A scholar who uses this tech may gain social traction. But you also get resistance: “What are these guys doing with computing and Shakespeare?”
What can we do with this knowledge about how knowledge is changing? 1. We can inform funding decisions: What’s been happening in different fields, how they affected by social organizations, etc. 2. We need a multidisciplinary way of understanding e-research as a whole. We need more than case studies, Ralph says. We need to be aiming at developing a shared platform for understanding what’s going on. 3. Every time you use these techniques, you are either disintermediating data (e.g., Galaxy Zoo) or intermediating (biomedicine). 4. Given that it’s all digital, we as outsiders have tremendous opportunities to study it. We can analyze it. Which fields are moving where? Where are projects being funded and how are they being organized? You can map science better than ever. One project took a large chunk of academic journals and looked in real time at who is reading what, in what domain.
This lets us understand knowledge better, so we can work together better across departments and around the globe.
Q: Sometimes you have to take a humanities approach to knowledge. Maybe you need to use some of the old systems investigations tools. Maybe link Twitter to systems thinking.
A: Good point. But caution: I haven’t seen much research on how the next generation is doing research and is learning. We don’t have the good sociology yet to see what difference that makes. Does it fragment their attention? Or is this a good thing?
Q: It’d be useful to know who borrows what books, etc., but there are restrictions in the US. How about in Great Britain?
A: If anything, it’s more restrictive in the UK. In the UK a library can’t even archive a web site without permission.
A: The example I gave of real time tracking was of articles, not books. Maybe someone will track usage at Google Books.
Q: Can you talk about what happens to the experience of interpreting a text when you have so much computer-generated data?
A: In the best cases, it’s both/and. E.g., you can’t read all the 19th century digitized newspapers, but you can compute against it. But you still need to approach it with a thought process about how to interpret it. You need both sets of skills.
A: If someone comes along and says it’s all statistics, the reply is that no one wants to read pure stats. They want to read stats put into words.
Q: There’s a science reader that lets you keep track of which papers are being read.
A: E.g., Mendeley. But it’s a self-selected group who use these tools.

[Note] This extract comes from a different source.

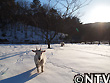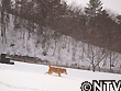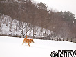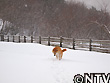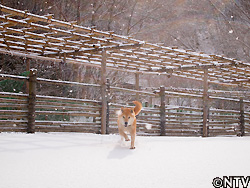 | 縮こまりながら歩いていると視線を感じたので見てみると、こんな寒さ厳しい環境の中で何にも変わった様子なくキョトンと見つめてくる北登がいた。北登の瞳に映るのは、着膨れするほど厚着をしている僕・・・。思えば、北登が寒そうにしている様子を見た覚えがない。むしろ、雪が大好きだ。 雪やこんこ 霰やこんこ。 降つても降っても まだ降りやまぬ。 犬は喜び 庭駈けまはり、 猫は火燵で丸くなる。 この歌詞で有名な童謡「雪」。その中の歌詞にある通り、村のわんぱく坊主「北登」もまだ厚く残る雪の上を元気いっぱいに走り回る。むしろ、雪が降るといつも以上にテンションが上がり、雪の中に鼻を突っ込んだまま歩き回ったり、新雪をわざと選んで歩き感触を楽しむ。さらに、牧草地に放すと喜んで跳び回る。はしゃぐ北登を見て、「寒くないのかなあ」といつも不思議に思ってしまう。 |

Q: In the physical sciences, the more info that’s out there, it’s hard to tell what’s important.
A: One way to address it is to think about it as a cycle: as a field gets overwhelmed with info, you get tools to concentrate the information. But if you only look at a small piece of knowledge, what are you losing? In some areas, e.g., areas within physics, everyone knows everyone else and what everyone else is doing. Earth sciences is a much broader community.
[Interesting talk. It's orthogonal to my own interests in how knowledge is becoming something that "lives" at the network level, and is thus being redefined. It's interesting to me to see how this look when sliced through at a different angle.]